Estimated maximum sustained processing rate in messages per second
on a 3.2 GHz Xeon processor (one thread).
|
Figure
11 presents a pie chart view of the distribution of
packet compression times. Note that 99.9% of packets are
compressed in 20 microseconds or less, and 25% of packets are
compressed in less than 10 microseconds.
Figure 11.
Pie chart showing the distribution of packet compression times for the
first 1 million OPRA packets on October 18, 2006.
|
As expected, the time to uncompress a packet is
much shorter than the time to compress it. Furthermore, uncompression
time is even more constant and predictable than compression time.
Figure 12 shows the distribution of uncompression times for one trading
day. The most frequent uncompression time is just 7 microseconds.
The uncompression time would smaller by 2 microseconds or more if the
packets were uncompressed into a more efficient and ready to use binary
format rather than the ASCII format used in the OPRA specification.
Figure 12. Distribution of time to uncompress one OPRA packet |
Comparison to WinZip
Compression
algorithms used by programs such as Winzip, zlib,
and gzip, are not written for real-time streaming applications. They
require a large "window" or sample of data before compression begins.

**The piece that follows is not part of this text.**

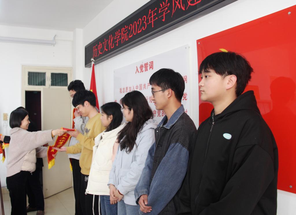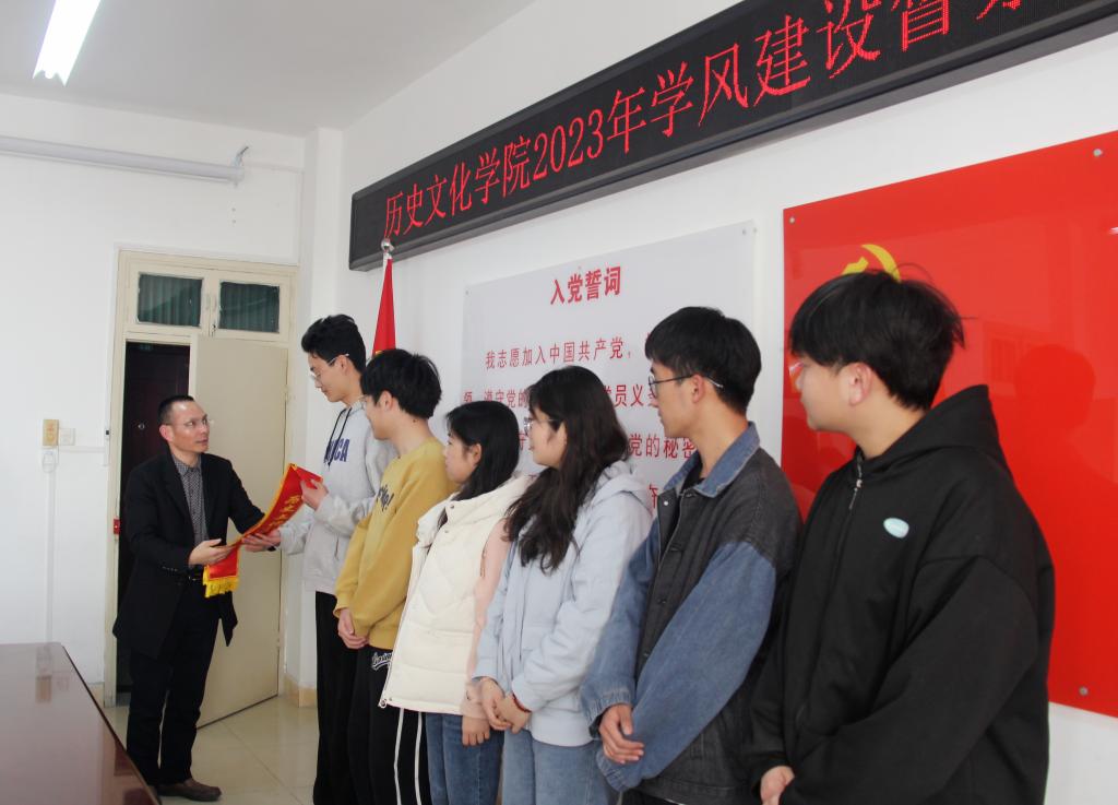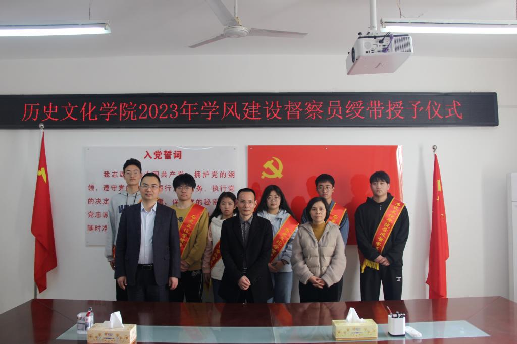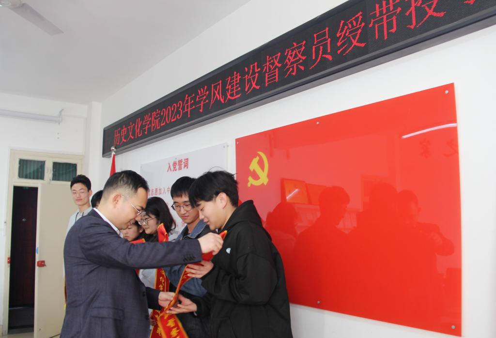 3月6日,yL23411永利官网登录于人文楼805举行学风建设督察员绶带授予仪式,院长叶宗宝、党委副书记韩志宏、副院长史经霞与学生督察员代表参加。
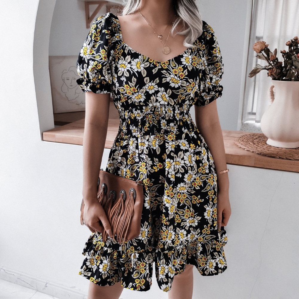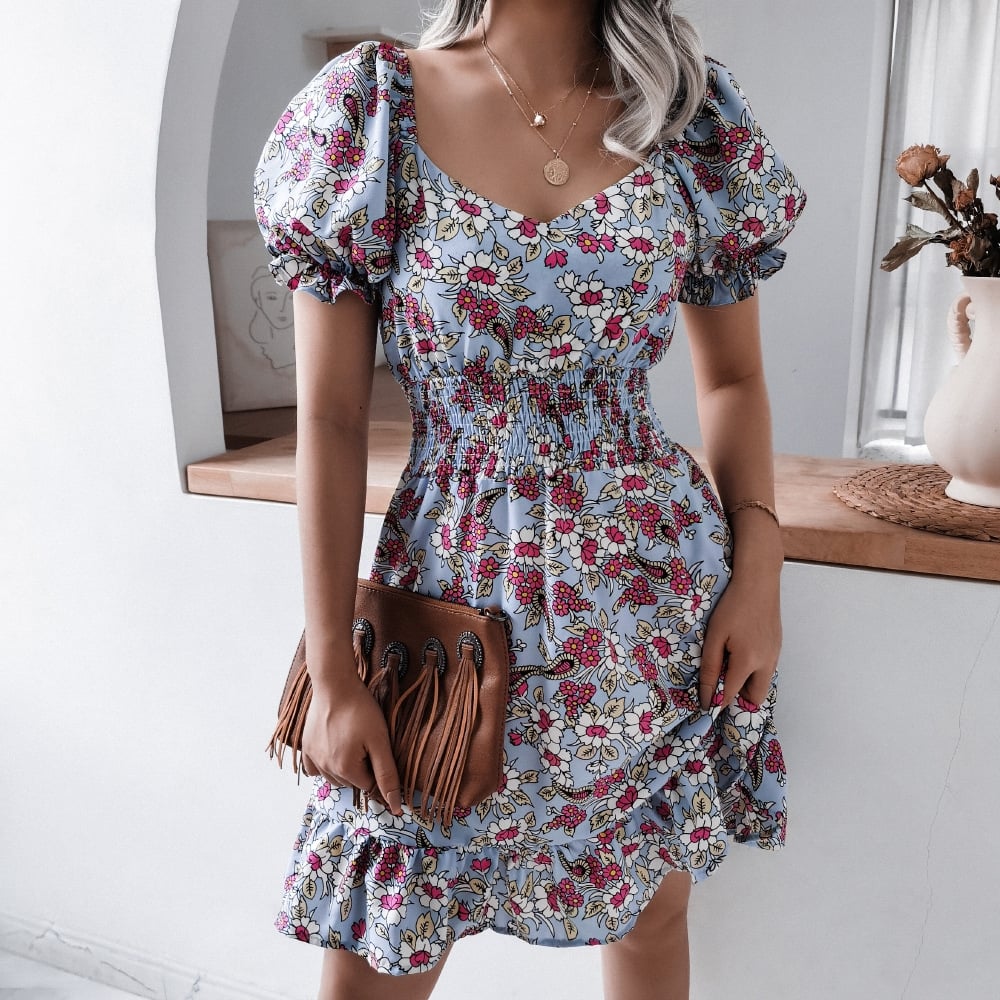 Floral Print Square Neck Puff Sleeve Mini Dress

Having a large sample of data to scan for redundancy is a significant
advantage
to compression so it's not really a fair comparison. Nonetheless,
Figure 13 shows the results of compressing all the OPRA packets as if
it were a single file compared to nanex compression. The raw OPRA Direct packets would require
a file over 83 gigabytes. Winzip's compresses the file to just under 20
gigabytes (20 billion bytes), yielding a ratio of just over 4 to 1.
Nanex compression produces a file that is just 4.4 gigabytes, a ratio
of 19 to 1.
Figure 13.
Comparison to Winzip in size (bytes). Smaller is better.
|
Figure 14 shows the comparison of compression times between
WinZip and nanex compression on a day's worth of OPRA packets in a
file. Not only is nanex compression 4 times smaller than WinZip, it's
also nearly 4 times faster.
Figure 14.
Comparison to Winzip in time (minutes). Smaller is better.
|
Figure 15.
Comparison of archived packet file sizes.
|
Conclusion
Nanex
compression produces very small packet sizes quickly and consistently.
It can easily handle OPRA's rapid growth in message update rates. With
it's ability to automatically adapt to changing input data, it is
likely to continue to run for many years without maintenance or changes
to the algorithm.
|